# Raspberry Chiffon Pie (Mrs Bear's recipe with pics)



## Bearcarver

First of all, let me say that this Bearcarver is not a dessert kind of a guy, he is a "Meat & Potatoes" PA Dutchman.
However whenever there is a special occasion, Mrs Bear asks me what I want for dessert, and I always request this one. It is unbelievable! So I talked Mrs Bear into making one of these with the "Wine Berries" I picked the other day. She normally uses frozen Raspberries, but we figured we'd try the fresh Wine Berries this time.

Here we go----Pay attention:

*Ingredients you will need:*
9" Baked Pie Crust
3 oz package of Raspberry Jello
1/4 cup of Sugar
1 1/4 cup of boiling water
12 oz package of frozen Raspberries (I snuck 14 ounces in)
1 TBS Lemon Juice
3 oz package of Cream Cheese (softened)
1/3 cup of Confectioners Sugar
1 tsp of Vanilla
1/8 tsp of Salt
1 cup of Heavy Cream

Pick out some of the nicest looking Raspberries, if you want to put some on top at the end.

Stir Jello, Sugar, and Water until dissolved. Add Frozen Raspberries and Lemon Juice. Let sit to gel.

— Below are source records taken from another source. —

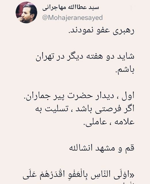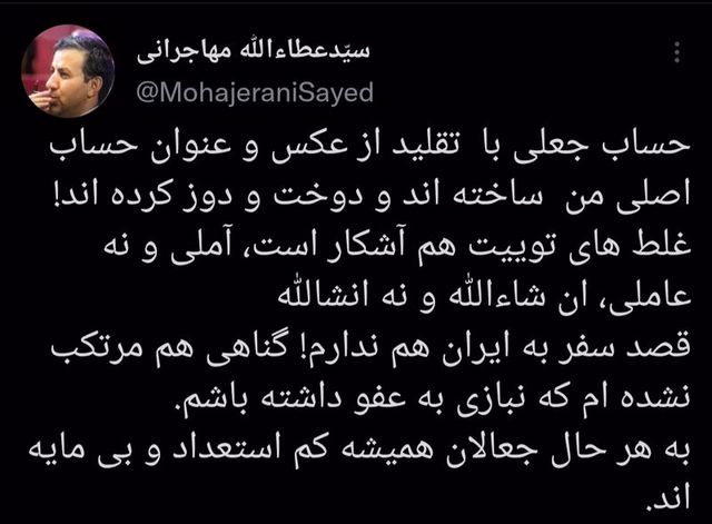 ساعاتی قبل یک اکانت توییتر با جعل نام و عکس عطاءالله مهاجرانی نوشته بود: «رهبری عفو نمودند. شاید دو هفته دیگر در تهران باشم».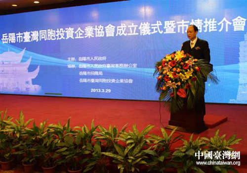 大會由市人民政府副市長宋愛華主持,市委副書記、市長盛榮華致辭并作市情推介。大會以“以會搭臺,廣交朋友,促進市臺協會的橫向交流與合作;以商招商,推介岳陽,推動岳臺經貿合作的深化與提速”為宗旨,以“營造臺商優越舒適置業環境,夯實岳臺互利雙贏發展平臺”為主題。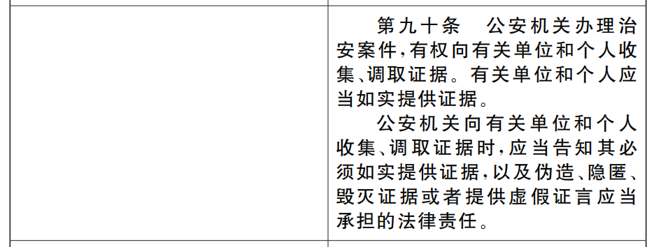 第九十条 公安机关办理治安案件,有权向有关单位和个人收集、调取证据。有关单位和个人应当如实提供证据。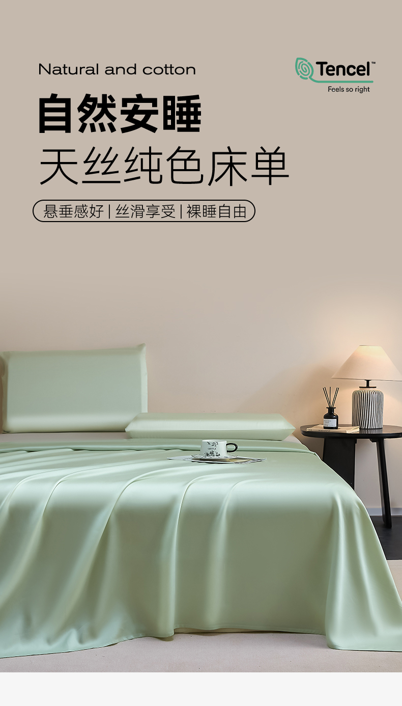 商品名称:DC 2026新款莱赛尔天丝纯色单品床单 亚丁绿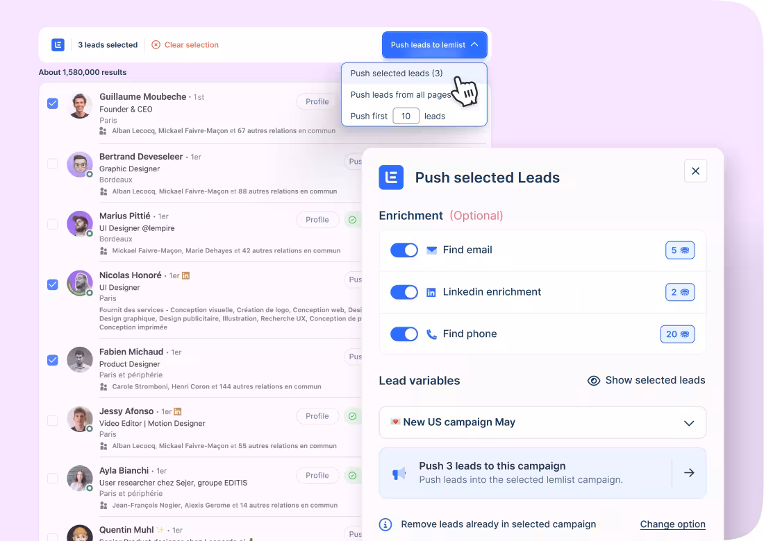 Find, enrich, and add LinkedIn contacts to your outreach campaign, without leaving LinkedIn.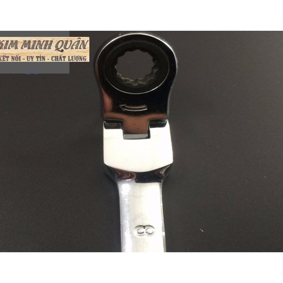 Thiết kế 1 đầu miệng 8mm và 1 đầu vòng tự động lắc léo 8mm có thể vặn góc 90°
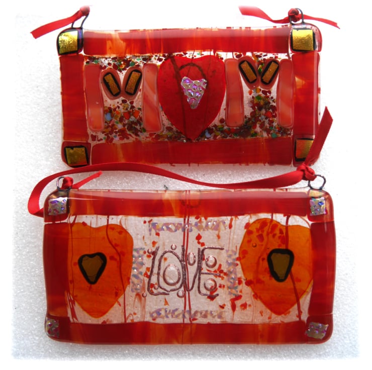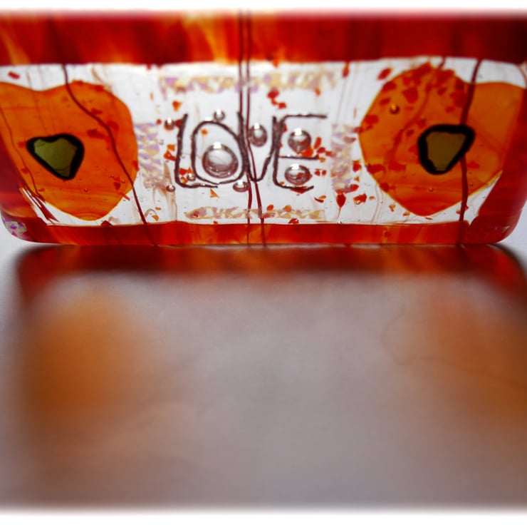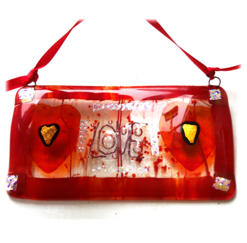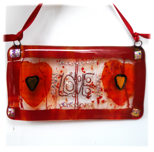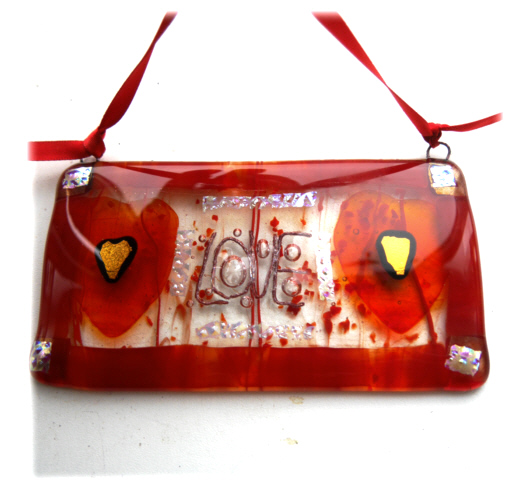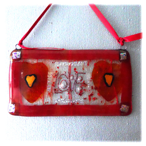 On a base of red frit collage glass and with a border of bright red glass. I've cut a red heart for either side and added the word LOVE in wire. Some really effective air bubbles have picked out the letters during the fusing process. I've added precious dichroic accents to the corners of the border, the hearts and round the lettering.

Put it in fridge while you do next steps.

Beat Cream Cheese, Confectioners Sugar, Vanilla, and Salt until smooth.

Beat Heavy Cream until peaks form (best to use cold bowl & cold cream).
Fold into Cream Cheese mixture.

Layer into Pie Crust;
First Cream Cheese Mixture
Then Raspberry Mixture
Then Cream Cheese Mixture
Then Raspberry Mixture

Add Rosettes of Cool Whip on top if desired.
Then plop a nice Raspberry in the middle of each Rosette.

Refrigerate for awhile (4 hours or more).
Cut first piece, and give to nearest Bearcarver.


Enjoy,
Bearcarver


*"D-view" (Dessert-view) below in steps:*

Pick out the nicest berries (right) to put on top of finished pie:







9" pie crust & mixture of Jello, Sugar, and Water:






Raspberries (Wine Berries) added to the Jello mixture above, then into fridge:






Heavy Cream (Beaten) ready to fold into Cream Cheese Mixture:






Begin layering into Pie Crust----First Cream Cheese Mixture:






2nd layer----Raspberry Mixture:






3rd layer-----Cream Cheese Mixture:






4th & final layer----Raspberry Mixture:






Add Cool Whip Rosettes to top of Pie:






Insert one Raspberry (nice ones saved at beginning) into center of each Rosette.
Then put in fridge for about 4 hours or more before slicing:






Cut first slice and serve to nearest Bearcarver:






That's all folks


----------



## rdknb

now that looks good, seems easy to make too, thanks for sharing the recipe


----------



## werdwolf

*Looks Sinfully Good*


----------



## wingman

Baercarver, the Mrs. did a wonderful job! This desert looks amazing to say the least. I could go for a piece right now!


----------



## pineywoods

That looks awesome!!!!!!!!


----------



## Bearcarver

RdKnB, werdwolf, Wingman, and Pineywoods,

Mrs Bear said thanks for the nice compliments, and try one of these soon. They're not hard to make and they are awesome.

Bear


----------



## meateater

I'm not much of a dessert kind of guy also but thats some eye candy right there.


----------



## rstr hunter

That looks awesome.  Tell Mrs. Bearcarver great job.


----------



## mballi3011

Now that pie is low-fat right.......Yea right it looks to good to be good for you or my waist-line. I want to thank the Mrs. fir thew recipe and I will have to make one soon.


----------



## wingman

I wonder whay it would be liked cold smoked? 
	

	
	
		
		



		
		
	


	





  Can't help but think about it....


----------



## walle

Holy Rasberry Chiffon, BC!You weren't kidd'en - D. A. bouble M! Man that looks good.I showed this to the Mrs's... who luckily is a berry lover.. I may get one of these yet!Thanks for sharing, BC.Tracey


----------



## bmudd14474

That looks great Bear.


----------



## Bearcarver

meateater said:


> I'm not much of a dessert kind of guy also but thats some eye candy right there.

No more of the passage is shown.